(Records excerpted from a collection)
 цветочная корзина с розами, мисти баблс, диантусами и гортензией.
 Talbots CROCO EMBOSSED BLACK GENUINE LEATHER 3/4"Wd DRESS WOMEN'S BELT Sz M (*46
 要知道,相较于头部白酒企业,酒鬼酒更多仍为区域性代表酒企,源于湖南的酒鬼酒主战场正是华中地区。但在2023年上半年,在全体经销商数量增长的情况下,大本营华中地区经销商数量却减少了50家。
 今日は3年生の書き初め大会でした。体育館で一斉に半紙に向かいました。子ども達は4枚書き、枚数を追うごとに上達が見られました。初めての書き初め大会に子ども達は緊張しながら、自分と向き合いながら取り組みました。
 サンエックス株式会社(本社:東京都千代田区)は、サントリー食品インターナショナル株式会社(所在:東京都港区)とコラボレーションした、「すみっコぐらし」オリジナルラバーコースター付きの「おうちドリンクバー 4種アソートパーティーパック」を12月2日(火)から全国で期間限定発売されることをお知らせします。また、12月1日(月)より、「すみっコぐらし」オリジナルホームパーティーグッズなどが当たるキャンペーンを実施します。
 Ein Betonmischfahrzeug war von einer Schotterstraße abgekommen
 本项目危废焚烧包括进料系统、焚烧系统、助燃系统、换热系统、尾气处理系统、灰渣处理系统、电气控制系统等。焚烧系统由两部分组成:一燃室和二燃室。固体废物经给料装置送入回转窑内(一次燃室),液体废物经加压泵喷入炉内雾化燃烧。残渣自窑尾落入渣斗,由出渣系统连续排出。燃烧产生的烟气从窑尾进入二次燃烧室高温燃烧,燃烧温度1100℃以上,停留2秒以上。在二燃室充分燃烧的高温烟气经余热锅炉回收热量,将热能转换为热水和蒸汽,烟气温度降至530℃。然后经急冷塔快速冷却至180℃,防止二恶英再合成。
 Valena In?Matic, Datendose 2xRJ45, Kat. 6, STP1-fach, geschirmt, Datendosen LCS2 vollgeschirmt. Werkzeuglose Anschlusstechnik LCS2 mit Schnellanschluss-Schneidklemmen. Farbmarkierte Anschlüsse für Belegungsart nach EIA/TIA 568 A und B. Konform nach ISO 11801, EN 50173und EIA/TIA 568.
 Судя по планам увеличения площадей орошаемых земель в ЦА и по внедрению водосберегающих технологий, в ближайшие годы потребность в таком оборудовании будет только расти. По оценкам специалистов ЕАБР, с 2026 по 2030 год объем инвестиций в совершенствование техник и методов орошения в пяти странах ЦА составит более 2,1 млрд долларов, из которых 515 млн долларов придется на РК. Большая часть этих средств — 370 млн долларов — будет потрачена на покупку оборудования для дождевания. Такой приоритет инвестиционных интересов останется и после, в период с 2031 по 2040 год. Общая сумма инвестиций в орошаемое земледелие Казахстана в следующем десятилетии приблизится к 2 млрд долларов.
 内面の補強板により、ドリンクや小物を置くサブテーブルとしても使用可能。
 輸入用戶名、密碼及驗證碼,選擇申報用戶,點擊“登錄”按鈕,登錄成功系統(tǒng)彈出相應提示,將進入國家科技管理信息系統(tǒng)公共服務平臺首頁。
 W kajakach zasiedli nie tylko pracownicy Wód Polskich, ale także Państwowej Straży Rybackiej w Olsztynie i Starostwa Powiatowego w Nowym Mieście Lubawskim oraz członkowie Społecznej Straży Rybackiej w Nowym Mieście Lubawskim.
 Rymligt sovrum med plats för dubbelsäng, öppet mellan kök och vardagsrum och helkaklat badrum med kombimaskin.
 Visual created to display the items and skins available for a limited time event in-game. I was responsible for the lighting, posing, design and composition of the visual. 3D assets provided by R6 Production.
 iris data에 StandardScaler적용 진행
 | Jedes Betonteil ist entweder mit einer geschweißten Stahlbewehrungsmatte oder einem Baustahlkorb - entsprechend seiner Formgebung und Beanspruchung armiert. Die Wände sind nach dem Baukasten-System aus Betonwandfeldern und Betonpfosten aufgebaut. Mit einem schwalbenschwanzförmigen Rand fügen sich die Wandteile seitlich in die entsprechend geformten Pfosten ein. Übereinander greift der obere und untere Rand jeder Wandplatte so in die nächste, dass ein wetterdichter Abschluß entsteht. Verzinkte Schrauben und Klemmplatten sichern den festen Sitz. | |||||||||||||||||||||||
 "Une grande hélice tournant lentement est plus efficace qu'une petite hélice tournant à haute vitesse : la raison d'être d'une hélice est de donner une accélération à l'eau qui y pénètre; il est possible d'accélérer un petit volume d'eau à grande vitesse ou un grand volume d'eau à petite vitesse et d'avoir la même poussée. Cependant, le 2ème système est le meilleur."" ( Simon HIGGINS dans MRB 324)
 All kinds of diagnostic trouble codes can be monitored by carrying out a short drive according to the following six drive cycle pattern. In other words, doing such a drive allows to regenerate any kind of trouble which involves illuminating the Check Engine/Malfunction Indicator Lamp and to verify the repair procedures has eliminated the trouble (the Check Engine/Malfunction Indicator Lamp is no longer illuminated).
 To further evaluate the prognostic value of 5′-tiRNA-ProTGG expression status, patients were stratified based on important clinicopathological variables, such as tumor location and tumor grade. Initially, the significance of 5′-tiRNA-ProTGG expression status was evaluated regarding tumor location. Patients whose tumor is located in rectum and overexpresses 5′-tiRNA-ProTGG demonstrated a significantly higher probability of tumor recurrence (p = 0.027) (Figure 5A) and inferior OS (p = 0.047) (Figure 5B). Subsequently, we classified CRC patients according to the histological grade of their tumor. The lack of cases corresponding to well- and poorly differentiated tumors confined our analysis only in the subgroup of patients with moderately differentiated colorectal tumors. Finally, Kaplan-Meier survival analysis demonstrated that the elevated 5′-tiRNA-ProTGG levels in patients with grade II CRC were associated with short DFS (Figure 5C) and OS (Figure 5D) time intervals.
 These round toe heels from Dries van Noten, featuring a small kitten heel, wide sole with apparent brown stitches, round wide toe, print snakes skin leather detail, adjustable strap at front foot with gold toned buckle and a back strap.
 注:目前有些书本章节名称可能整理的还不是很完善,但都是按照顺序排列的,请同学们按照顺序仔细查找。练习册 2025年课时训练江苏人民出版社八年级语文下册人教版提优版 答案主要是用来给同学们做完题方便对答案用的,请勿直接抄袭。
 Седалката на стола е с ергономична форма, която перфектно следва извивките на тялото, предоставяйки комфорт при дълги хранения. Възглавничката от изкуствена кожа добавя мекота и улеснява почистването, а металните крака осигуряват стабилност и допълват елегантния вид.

## PROBLEM TO SOLVE
Lines with "nach": find them in the data and copy each one.

## ANSWER
 Valena In?Matic, Datendose 2xRJ45, Kat. 6, STP1-fach, geschirmt, Datendosen LCS2 vollgeschirmt. Werkzeuglose Anschlusstechnik LCS2 mit Schnellanschluss-Schneidklemmen. Farbmarkierte Anschlüsse für Belegungsart nach EIA/TIA 568 A und B. Konform nach ISO 11801, EN 50173und EIA/TIA 568.
 | Jedes Betonteil ist entweder mit einer geschweißten Stahlbewehrungsmatte oder einem Baustahlkorb - entsprechend seiner Formgebung und Beanspruchung armiert. Die Wände sind nach dem Baukasten-System aus Betonwandfeldern und Betonpfosten aufgebaut. Mit einem schwalbenschwanzförmigen Rand fügen sich die Wandteile seitlich in die entsprechend geformten Pfosten ein. Übereinander greift der obere und untere Rand jeder Wandplatte so in die nächste, dass ein wetterdichter Abschluß entsteht. Verzinkte Schrauben und Klemmplatten sichern den festen Sitz. | |||||||||||||||||||||||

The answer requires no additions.